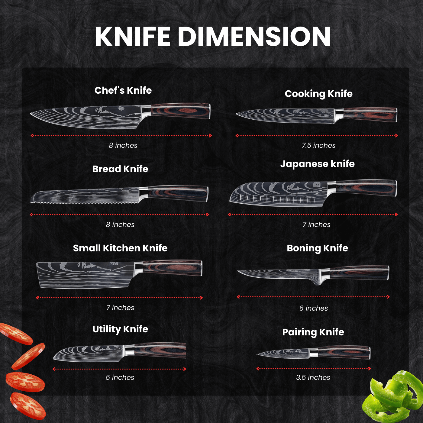 • Set Contents: 8 professional knives, including Chef's (8"), Cooking (7.5"), Bread (8"), Japanese Utility (7"), Small Kitchen, Boning, Utility, and Paring (3.5").
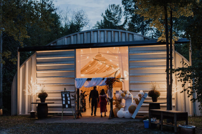 After the ceremony, we took care of family photos and the bridal party photoshoot, then proceeded to the quonset hut which had been beautifully decorated into an amazing reception space.
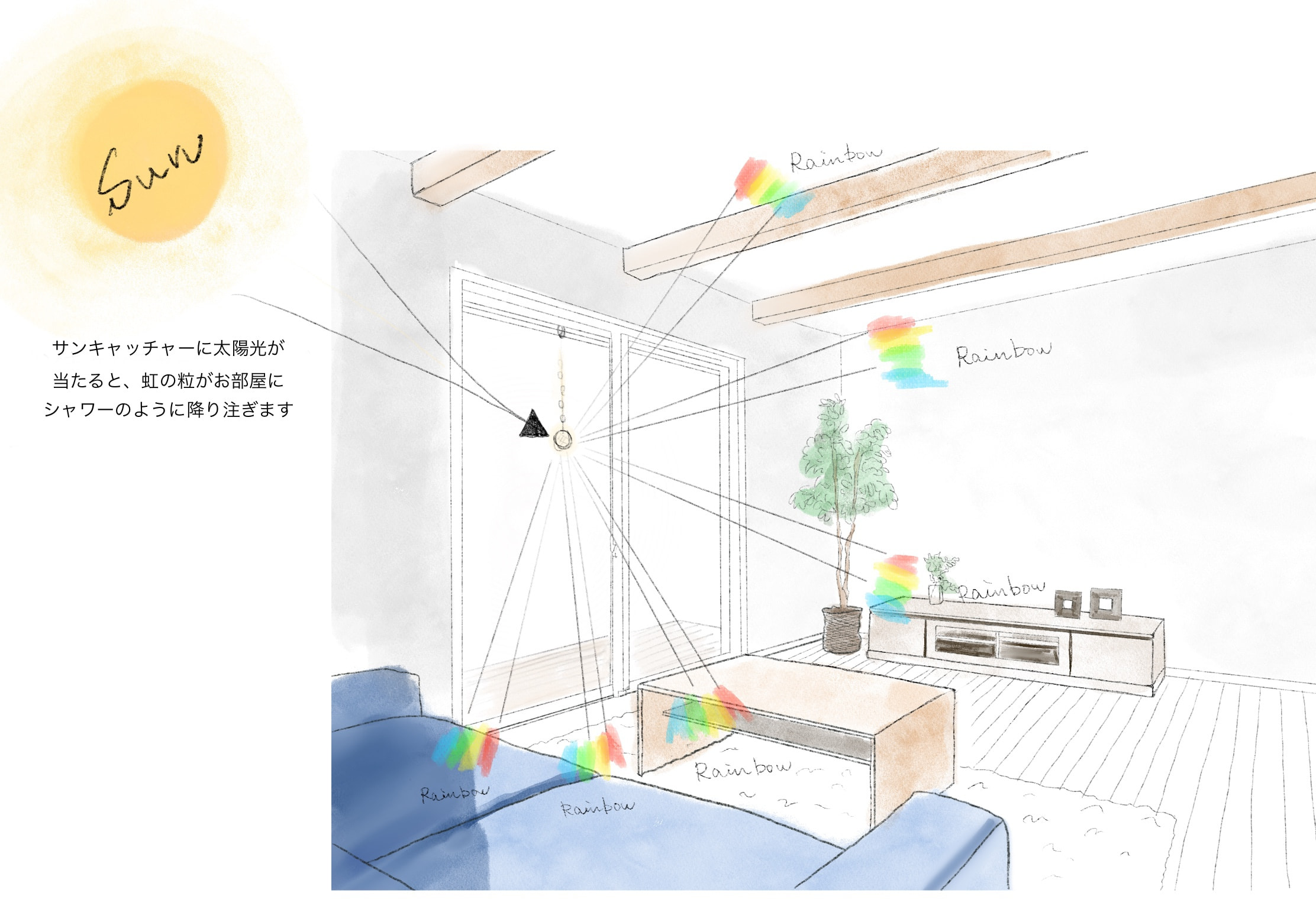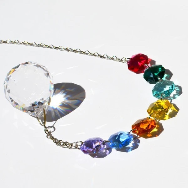 クリスタル製のガラス玉を使いストラップのように作成したものを窓辺など太陽の光が直接当たる場所にぶら下げると、クリスタルで乱反射した光が虹の粒となって部屋に入ってきます。
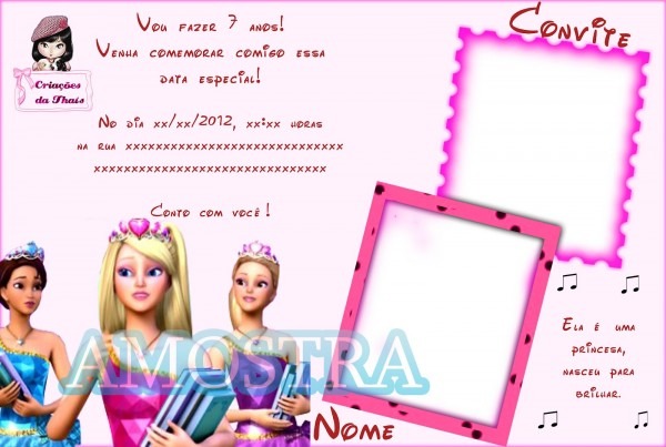Convite April 7, 2019April 6, 2019 by LuettaModelo de convite de aniversario da barbie Ateliê Josi Duarte: Convite Barbie Portal Secreto. josiduarteconvitespersonalizados.blogspot.comCriações da ThaÃs: Convites da Barbie Escola de Princesas. criacoesdathais.blogspot.com Related posts:Fazer convite de casamento online gratis para imprimirConvites de anivers?rios de 15 anosModelo de convite para festa da primaveraPost navigationFrases para convite 1 ano pequeno principeConvite de casamento gian & giovaniLeave a Reply Cancel replyYour email address will not be published. Required fields are marked *Comment *Name * Email * Website Save my name, email, and website in this browser for the next time I comment. Δ

- [About this exercise]
Reproduce the listing above exactly, without a single picture.

- [Written reply]
 • Set Contents: 8 professional knives, including Chef's (8"), Cooking (7.5"), Bread (8"), Japanese Utility (7"), Small Kitchen, Boning, Utility, and Paring (3.5").
 After the ceremony, we took care of family photos and the bridal party photoshoot, then proceeded to the quonset hut which had been beautifully decorated into an amazing reception space.
 クリスタル製のガラス玉を使いストラップのように作成したものを窓辺など太陽の光が直接当たる場所にぶら下げると、クリスタルで乱反射した光が虹の粒となって部屋に入ってきます。
Convite April 7, 2019April 6, 2019 by LuettaModelo de convite de aniversario da barbie Ateliê Josi Duarte: Convite Barbie Portal Secreto. josiduarteconvitespersonalizados.blogspot.comCriações da ThaÃs: Convites da Barbie Escola de Princesas. criacoesdathais.blogspot.com Related posts:Fazer convite de casamento online gratis para imprimirConvites de anivers?rios de 15 anosModelo de convite para festa da primaveraPost navigationFrases para convite 1 ano pequeno principeConvite de casamento gian & giovaniLeave a Reply Cancel replyYour email address will not be published. Required fields are marked *Comment *Name * Email * Website Save my name, email, and website in this browser for the next time I comment. Δ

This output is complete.